Des essais menés en Bourgogne, dans un contexte de fortes chaleurs et de sécheresse, montrent l’intérêt d’introduire du sorgho ensilé dans la ration des vaches.

Depuis 2019, la chambre régionale d’agriculture Bourgogne- Franche-Comté et ses partenaires (1) testent la substitution du maïs par du sorgho monocoupe BMR sucrier ensilé, en repérant les variétés les mieux adaptées à la région. Le sorgho présente des sources d’énergie différentes. Pauvre en amidon, il contient plus de sucres et ses tiges sont plus digestibles. Réalisé sur la campagne 2019-2020 au lycée agricole de La Barotte, à Châtillon-sur-Seine (Côte-d’Or), le premier essai a été mené avec une seule variété de sorgho très précoce : « Arigato ». Dans un contexte très chaud et sec, le sorgho a mieux résisté que le maïs. Sur des sols argilo-calcaires moyens à profonds, il a produit 9 t MS/ha contre 7 t pour le maïs.

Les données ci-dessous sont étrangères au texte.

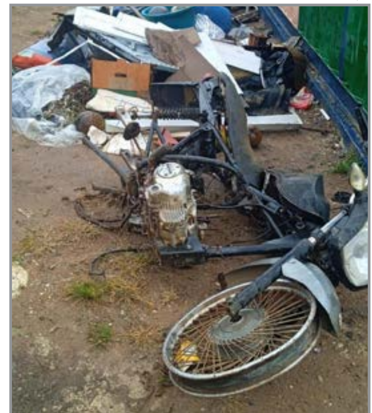
Polícia foi acionada e imagens estão sendo analisadas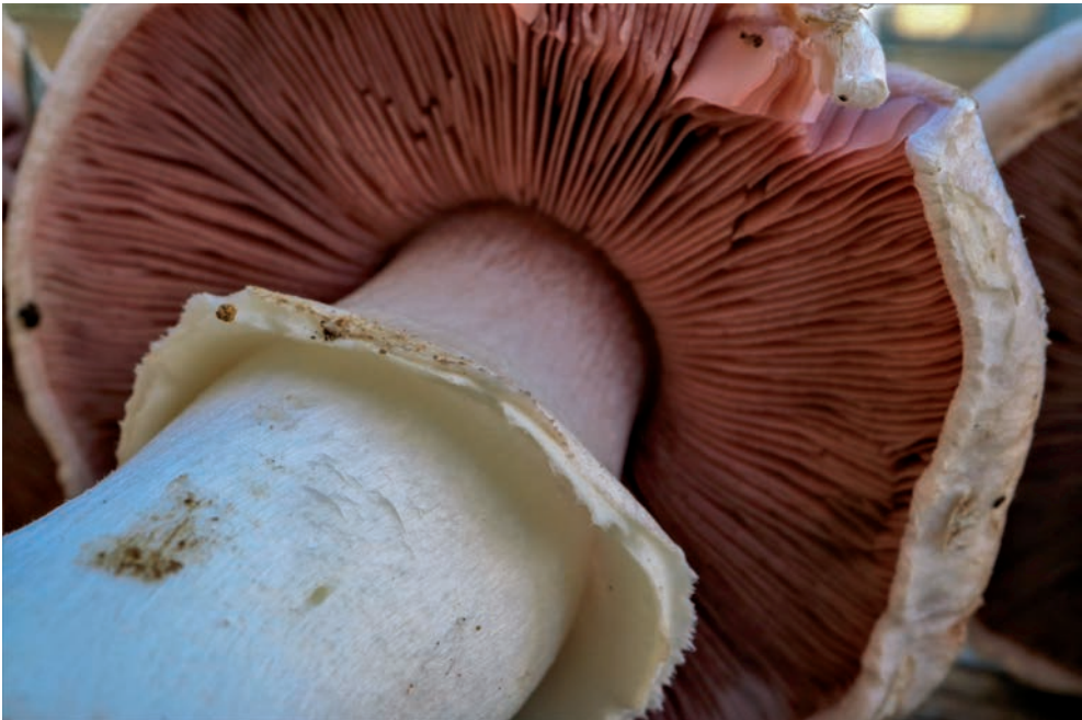
48 A. pseudopratensis

A. pseudopratensis preferisce aree antropizzate e ruderali (bordo di strade, orti, parchi pubblici, aree dunali modificate artificialmente, aree coltivate come uliveti, ecc..). A.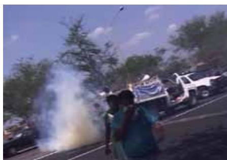
Goutte de bronze – Prix RIOB « 13 pueblos en Defensa del Agua, el Aire y la Tierra » Francesco Taboada Mexique (2007) 60 min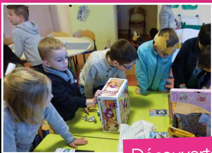
Découverte des jouets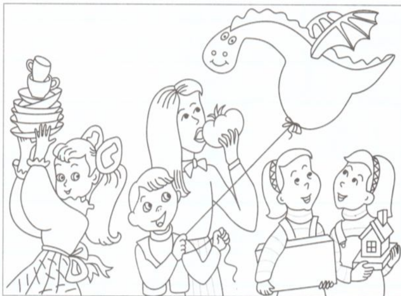
Рада Раиса Рудик Лада Лида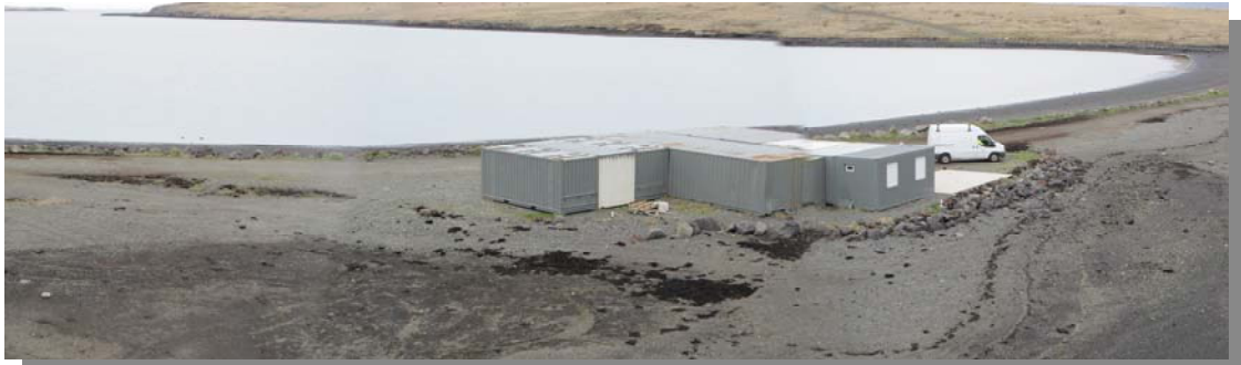
Kayakklúbburinn með sína aðstöðu á eiðinu út í Geldinganes.

Kayakklúbburinn er með aðstöðu í gámum á eiðinu út í Geldinganes til bráðabirgðar. Klúbburinn var stofnaður árið 1981 og er aðili að ÍBR. Starfsemin klúbbsins hefur vaxið með árunum og eru virkir félagar um 400, skv. heimasíðu félagsins. Klúbburinn hefur sl. 9 ár byggt upp aðstöðu sína á eiðinu út í Geldinganes þar sem hefur verið komið fyrir bráðabirgðaaðstöðu í formi gáma. Klúbburinn er einnig með aðstöðu í Sundlaugunum í Laugardal og Nauthólsvík. Í Geldinganesi er geymsluaðstaða fyrir 140 báta auk félags- og sturtuaðstöðu. Klúbburinn hefur bent á eftirfarandi kosti eiðsins fyrir kayakróður, t.d. stutt í fjölbreytt og fallegt róðrasvæði sem og skjólgott svæði sem auðveldar fólki að róa allan ársins hring

Deux lots de 18 vaches ont été constitués. Le premier recevait une ration complète à base de 8,63 kg de MS/vache de maïs ensilage. Dans la ration du second lot, le maïs ensilage a été remplacé par 8,5 kg de MS de sorgho. Ce lot a bien réagi à ce changement, affichant une production laitière de 29,5 kg par vache et par jour (TB 39,6 g/kg et TP 34,1 g/kg), contre 29,1 kg de lait (TB 41,4 g/kg et TP 34,5 g/kg) pour les vaches en ration à base de maïs ensilage. Par ailleurs, aucune dégradation de la note d’état corporel a été observée.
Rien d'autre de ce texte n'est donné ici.